> WHAT IS BEING ASKED
Leaving out the images, return the data below exactly as it is written.

> Dataset excerpts
-----

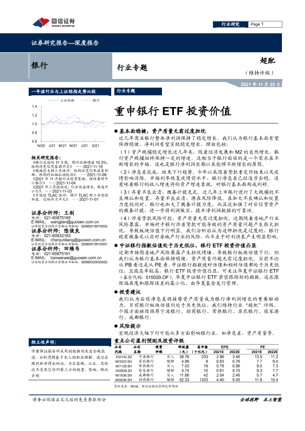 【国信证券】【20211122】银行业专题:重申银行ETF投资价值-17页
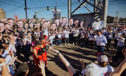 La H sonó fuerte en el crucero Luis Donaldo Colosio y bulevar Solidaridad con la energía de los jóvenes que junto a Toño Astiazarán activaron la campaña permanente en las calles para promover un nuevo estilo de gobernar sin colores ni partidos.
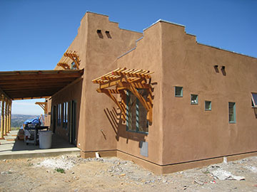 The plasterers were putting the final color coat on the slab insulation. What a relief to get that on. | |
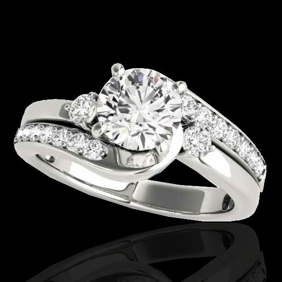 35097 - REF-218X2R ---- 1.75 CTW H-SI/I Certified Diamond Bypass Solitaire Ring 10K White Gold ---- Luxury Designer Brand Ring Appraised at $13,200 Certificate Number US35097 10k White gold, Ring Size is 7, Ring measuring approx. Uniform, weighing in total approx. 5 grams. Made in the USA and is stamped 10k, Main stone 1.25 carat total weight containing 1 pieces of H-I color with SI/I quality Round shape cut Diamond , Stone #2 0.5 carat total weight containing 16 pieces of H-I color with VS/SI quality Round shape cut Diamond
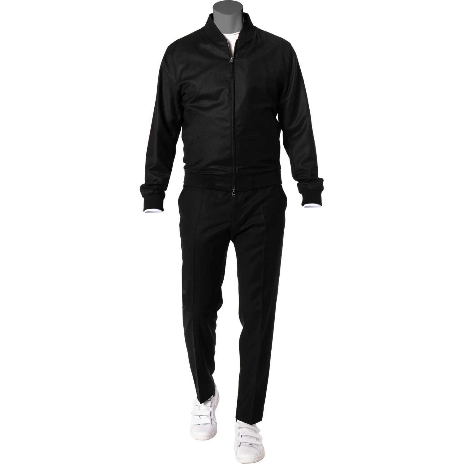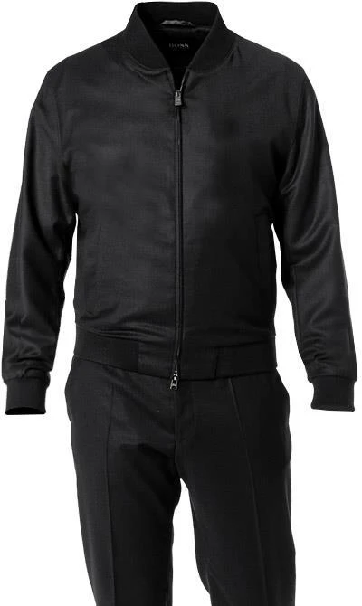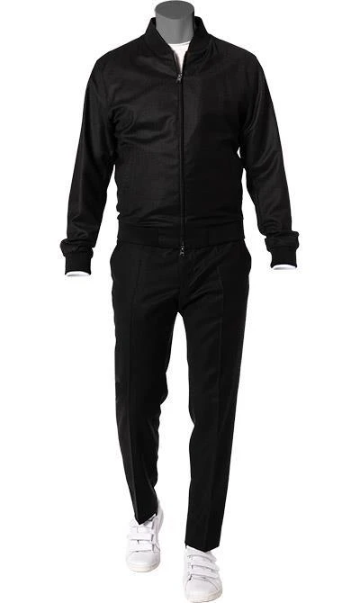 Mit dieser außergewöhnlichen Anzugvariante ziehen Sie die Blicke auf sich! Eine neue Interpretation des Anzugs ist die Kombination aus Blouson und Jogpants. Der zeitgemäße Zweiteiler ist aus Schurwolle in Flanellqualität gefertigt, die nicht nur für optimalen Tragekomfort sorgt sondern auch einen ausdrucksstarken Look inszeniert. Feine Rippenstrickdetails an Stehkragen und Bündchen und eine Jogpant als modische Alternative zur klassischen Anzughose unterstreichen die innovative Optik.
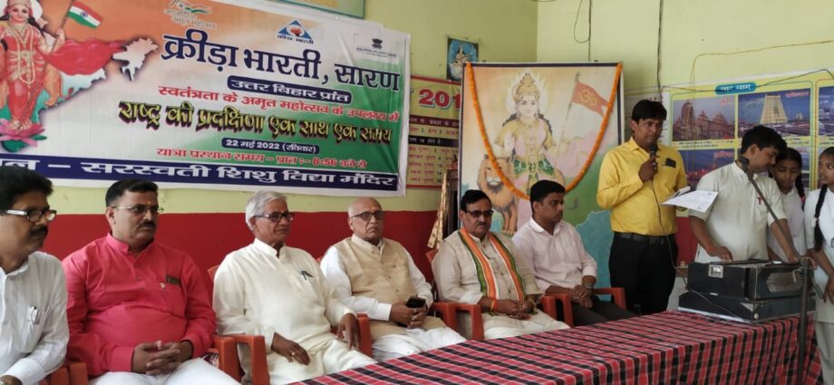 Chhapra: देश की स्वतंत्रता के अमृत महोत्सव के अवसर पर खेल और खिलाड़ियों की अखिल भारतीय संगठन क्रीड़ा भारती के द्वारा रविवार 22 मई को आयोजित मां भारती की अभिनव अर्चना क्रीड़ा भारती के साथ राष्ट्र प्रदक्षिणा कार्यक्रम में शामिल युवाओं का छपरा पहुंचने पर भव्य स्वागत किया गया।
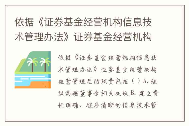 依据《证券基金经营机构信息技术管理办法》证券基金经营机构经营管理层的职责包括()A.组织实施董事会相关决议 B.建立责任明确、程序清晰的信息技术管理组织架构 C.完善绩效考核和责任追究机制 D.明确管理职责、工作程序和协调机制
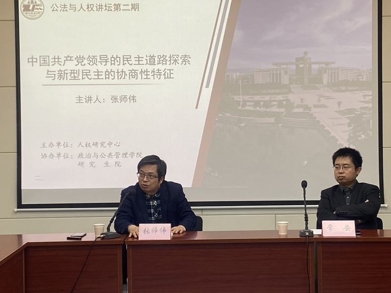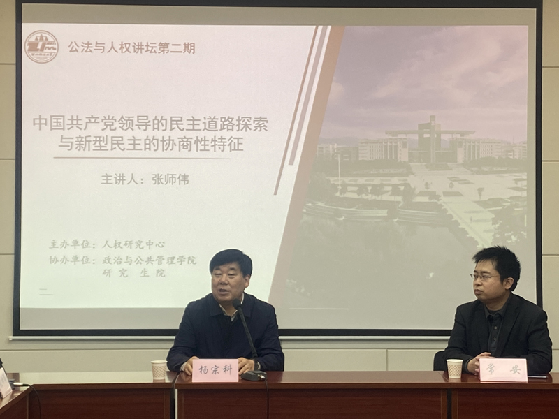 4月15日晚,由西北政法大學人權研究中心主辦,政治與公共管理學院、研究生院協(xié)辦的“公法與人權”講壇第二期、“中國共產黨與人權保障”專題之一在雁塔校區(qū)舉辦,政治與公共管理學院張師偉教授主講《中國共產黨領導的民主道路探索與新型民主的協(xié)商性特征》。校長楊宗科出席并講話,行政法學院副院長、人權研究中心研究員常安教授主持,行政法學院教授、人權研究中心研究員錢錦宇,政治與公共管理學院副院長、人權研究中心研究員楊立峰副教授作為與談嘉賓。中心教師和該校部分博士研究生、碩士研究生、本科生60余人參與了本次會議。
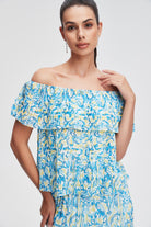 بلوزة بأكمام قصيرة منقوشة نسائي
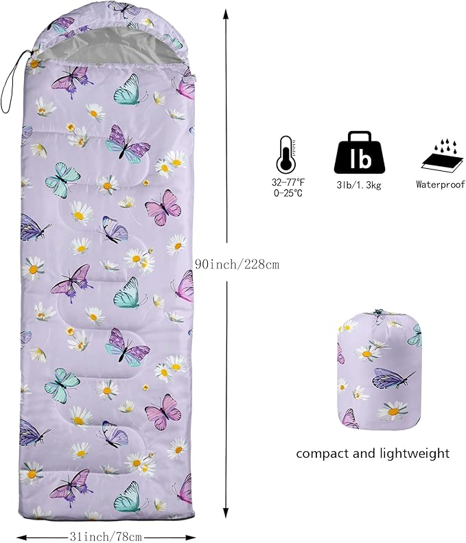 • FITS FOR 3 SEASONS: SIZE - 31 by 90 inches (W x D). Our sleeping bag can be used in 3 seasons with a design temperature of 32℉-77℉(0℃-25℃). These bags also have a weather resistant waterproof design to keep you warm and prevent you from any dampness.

-----

> RESULT OF THIS TASK
 【国信证券】【20211122】银行业专题:重申银行ETF投资价值-17页
 La H sonó fuerte en el crucero Luis Donaldo Colosio y bulevar Solidaridad con la energía de los jóvenes que junto a Toño Astiazarán activaron la campaña permanente en las calles para promover un nuevo estilo de gobernar sin colores ni partidos.
 The plasterers were putting the final color coat on the slab insulation. What a relief to get that on. | |
 35097 - REF-218X2R ---- 1.75 CTW H-SI/I Certified Diamond Bypass Solitaire Ring 10K White Gold ---- Luxury Designer Brand Ring Appraised at $13,200 Certificate Number US35097 10k White gold, Ring Size is 7, Ring measuring approx. Uniform, weighing in total approx. 5 grams. Made in the USA and is stamped 10k, Main stone 1.25 carat total weight containing 1 pieces of H-I color with SI/I quality Round shape cut Diamond , Stone #2 0.5 carat total weight containing 16 pieces of H-I color with VS/SI quality Round shape cut Diamond
 Mit dieser außergewöhnlichen Anzugvariante ziehen Sie die Blicke auf sich! Eine neue Interpretation des Anzugs ist die Kombination aus Blouson und Jogpants. Der zeitgemäße Zweiteiler ist aus Schurwolle in Flanellqualität gefertigt, die nicht nur für optimalen Tragekomfort sorgt sondern auch einen ausdrucksstarken Look inszeniert. Feine Rippenstrickdetails an Stehkragen und Bündchen und eine Jogpant als modische Alternative zur klassischen Anzughose unterstreichen die innovative Optik.
 Chhapra: देश की स्वतंत्रता के अमृत महोत्सव के अवसर पर खेल और खिलाड़ियों की अखिल भारतीय संगठन क्रीड़ा भारती के द्वारा रविवार 22 मई को आयोजित मां भारती की अभिनव अर्चना क्रीड़ा भारती के साथ राष्ट्र प्रदक्षिणा कार्यक्रम में शामिल युवाओं का छपरा पहुंचने पर भव्य स्वागत किया गया।
 依据《证券基金经营机构信息技术管理办法》证券基金经营机构经营管理层的职责包括()A.组织实施董事会相关决议 B.建立责任明确、程序清晰的信息技术管理组织架构 C.完善绩效考核和责任追究机制 D.明确管理职责、工作程序和协调机制
 4月15日晚,由西北政法大學人權研究中心主辦,政治與公共管理學院、研究生院協(xié)辦的“公法與人權”講壇第二期、“中國共產黨與人權保障”專題之一在雁塔校區(qū)舉辦,政治與公共管理學院張師偉教授主講《中國共產黨領導的民主道路探索與新型民主的協(xié)商性特征》。校長楊宗科出席并講話,行政法學院副院長、人權研究中心研究員常安教授主持,行政法學院教授、人權研究中心研究員錢錦宇,政治與公共管理學院副院長、人權研究中心研究員楊立峰副教授作為與談嘉賓。中心教師和該校部分博士研究生、碩士研究生、本科生60余人參與了本次會議。
 بلوزة بأكمام قصيرة منقوشة نسائي
 • FITS FOR 3 SEASONS: SIZE - 31 by 90 inches (W x D). Our sleeping bag can be used in 3 seasons with a design temperature of 32℉-77℉(0℃-25℃). These bags also have a weather resistant waterproof design to keep you warm and prevent you from any dampness.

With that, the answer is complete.